また「至理玄微にして、智に非らずんば顕わるることなし」(玄義巻第三)とありまして、仏は実相を悟り、教法を説くのですから「仏は能覚、法は所覚」とも「仏は能説、法は所説」という関係もあります。

このように、法と仏の勝劣(能所)は視点の置き方で変わるので、確定的には勝劣(能所)は断定できないものです。

仏の妙智は実相を内容とします。「境妙なるを以ての故に、智もまた随って妙なり」(玄義巻第二)と云う所です。
ゆえに仏の妙智(証悟)と実相(法)とは同じなので「法仏不二」と云うのです。
また、妙法蓮華経と云う証悟・教法は、仏の実質的な内容なので、「法仏不二」と云えます。

「三身即一」の仏の妙智(仏智)も境智冥合の証悟です。妙法蓮華の境妙を証悟した妙法蓮華と云う妙智です。
その妙智を説くのが教法としての妙法蓮華経です。
ゆえに、「三身即一」の仏の妙智(仏)と教法(法)とは「法仏不二」という関係と云うことになります。

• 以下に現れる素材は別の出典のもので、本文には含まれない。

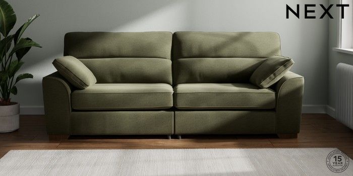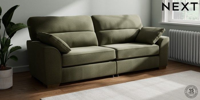7.2.10 Buy Stamford Highback 4 Seater Sofa Ripple Chenille Mid Moss Green Large Square Angle - Mid from the Next UK online shop Click here to use our accessible website
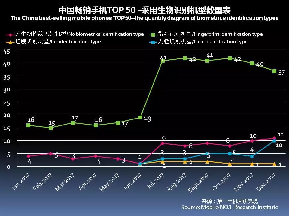 (备注:由于多个机型会同时拥有指纹、虹膜和人脸识别,故机型数量会有重叠)
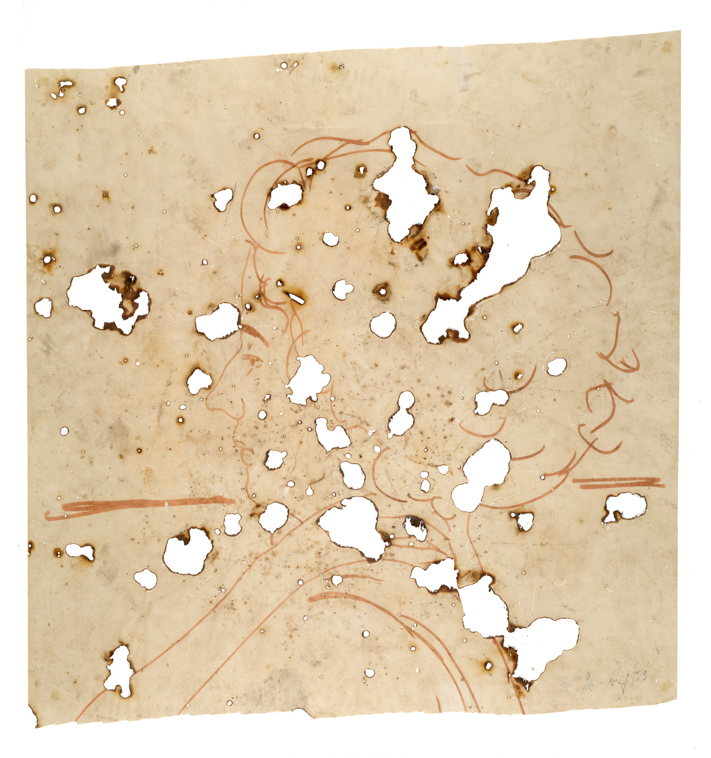 Elke. 1989. Filzstift auf Transparentpapier mit Feuerflecken. Ca. 93 x 90 cm Signiert. - Minimale Oberflächenbereibung. Verso mit Montagespuren in den Ecken, recto leicht sichtbar aufgrund des Papieres. Insgesamt sehr gut. Filigrane, prachtvolle Arbeit.

「法の裏は仏、仏の裏は法」と考えて、法を面としていても内実は仏であり、仏を面にしている場合でも内実は法であるとします。

「法華経の題目を以て本尊とすべし。」
の題目は、単なる理法でも無く、久遠本仏の覚法・本門の肝心・神力別付の要法であって、「法の裏は仏」と云う面が裏に有ると見るわけです。

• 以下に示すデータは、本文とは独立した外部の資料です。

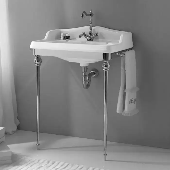 3SC Consolle Консоль Денди 85х54хh104см, с раковиной LA01, сифоном и полотенцедердателями, напольная, цвет: хром
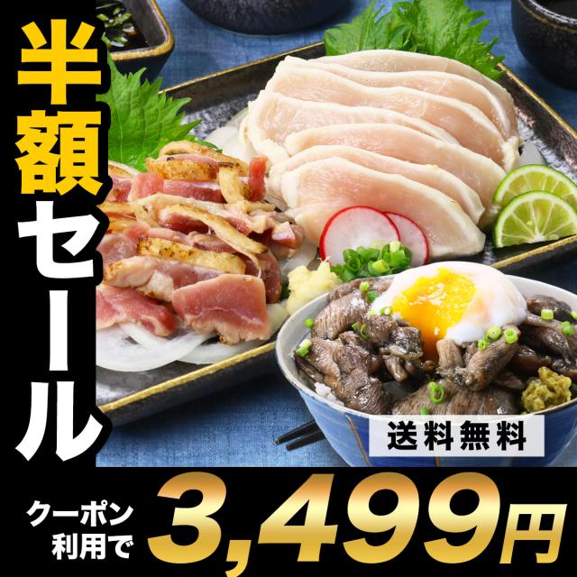 ★半額クーポンで⇒3,499円!★ ご購入で柚子胡椒プレゼント! 南九州の定番料理 鶏たたき 鶏刺し 【1】むね肉スライス210g×5 /【2】もも肉切り落とし120g×5 /【3】もも炭火焼き200g×5

本尊抄で「その本尊の為体・・」と大曼荼羅の様式を述べる文段の結びに
「此等の仏をば正像に造り画けども、未だ寿量の仏ましまさず。末法に来入して、始めて此の仏像出現せしむ可きか。」
とあり、同抄の終わり部分にも
「此の時地涌千界出現して、本門の釈尊の脇士と為りて、一閻浮提第一の本尊を此の国に立つべし。」
とあり、仏本尊の形を示しています。

大曼荼羅本尊も、その内容・実質は本門の釈尊であるから、このように示しているのでしょう。